Bijzondere psychiatrische patienten werden niet tot het Duivenkerkhof toegelaten. De pathologen waren daar tegen. Zij eisten altijd een anatomisch of fysiologisch substraat, en dat was bij psychiatrische patienten zelden voorhanden. Maar, zei mijn grootvader, de man die altijd dacht dat een wolf hem op de hielen zal en die als een schicht door de straten van St. Petersburg rende, jaar in jaar uit - die man had daar ook thuisgehoord. Al was het slechts vanwege zijn unieke onvermoeibaarheid: tot op hoge leeftijd was hij in staat om zestien uur onafgebroken langs de Newski Prospekt heen en terug te rennen, en daarbij voortdurend nog angstig om te kijken ook.
Het kostte de commissie vaak heel veel moeite om bedriegers te ontmaskeren die zichzelf ingewikkelde kwalen of letsels hadden toegebracht in de hoop op het Duivenkerkhof terecht te komen.
‘Bij twijfel niet begraven’, luidde het devies van de pathologen.
Hoogstens éénmaal per jaar vond er een begrafenis plaats en werd de naam van de overledene en zijn bijzondere aandoening in een zilveren boek bijgeschreven.

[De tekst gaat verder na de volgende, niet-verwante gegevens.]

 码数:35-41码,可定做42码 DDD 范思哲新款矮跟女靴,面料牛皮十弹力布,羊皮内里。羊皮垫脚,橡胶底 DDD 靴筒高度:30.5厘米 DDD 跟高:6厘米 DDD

Beroemd waren de feesten van de nabestaanden in de uitspanning naast het kerkhof.
Mijn grootvader woonde eens zo'n begrafenis bij, om - naar hij zei - de vermaarde pathologen van het oude Rusland eens van nabij te zien en tegelijk die merkwaardige geur van wierook en carbol op te snuiven die rond die begrafenissen hing. Díe geur zou hij nooit vergeten. Wat voor zeldzame kwaal er toen begraven werd wist hij niet meer. Maar er ging iets heel bijzonders van het ritueel uit, vertelde hij. Alsof God persoonlijk iets met het leven en lichaam van deze overledene had gedaan, en zich met de rest van de mensheid niet bemoeide. Mijn grootvader, die een gelovig man was, schudde zijn hoofd bij dit verhaal. Ik was toen helaas te klein om hem te vragen of hij dat zelf ook geloofde.

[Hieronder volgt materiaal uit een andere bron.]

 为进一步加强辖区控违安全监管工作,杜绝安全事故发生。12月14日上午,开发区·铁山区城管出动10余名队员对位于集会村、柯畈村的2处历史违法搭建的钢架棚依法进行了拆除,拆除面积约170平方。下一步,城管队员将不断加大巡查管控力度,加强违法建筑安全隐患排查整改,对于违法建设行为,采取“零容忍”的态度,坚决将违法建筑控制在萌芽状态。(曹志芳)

Na de revolutie is het Duivenkerkhof niet meer gebruikt - in een marxistische staat gaat men niet dood aan bijzondere oorzaken - en, zoals zoveel in Rusland, verwaarloosd. Waar eens de ingang was staat nu een flatgebouw. In 1985 was ik daar. Een gids wees mij de plaats aan waar in september 1916 de laatste dode ter aarde was besteld - een oude man met rubiosis tarda (wat dat ook mag zijn). Hij vertelde mij dat kinderen er nog wel eens bizarre schedels vinden (van dolichocefalen, vermoed ik) waar zij bootjes van maken die zij in een vijver in de Taurischtuin, niet ver van daar, laten varen.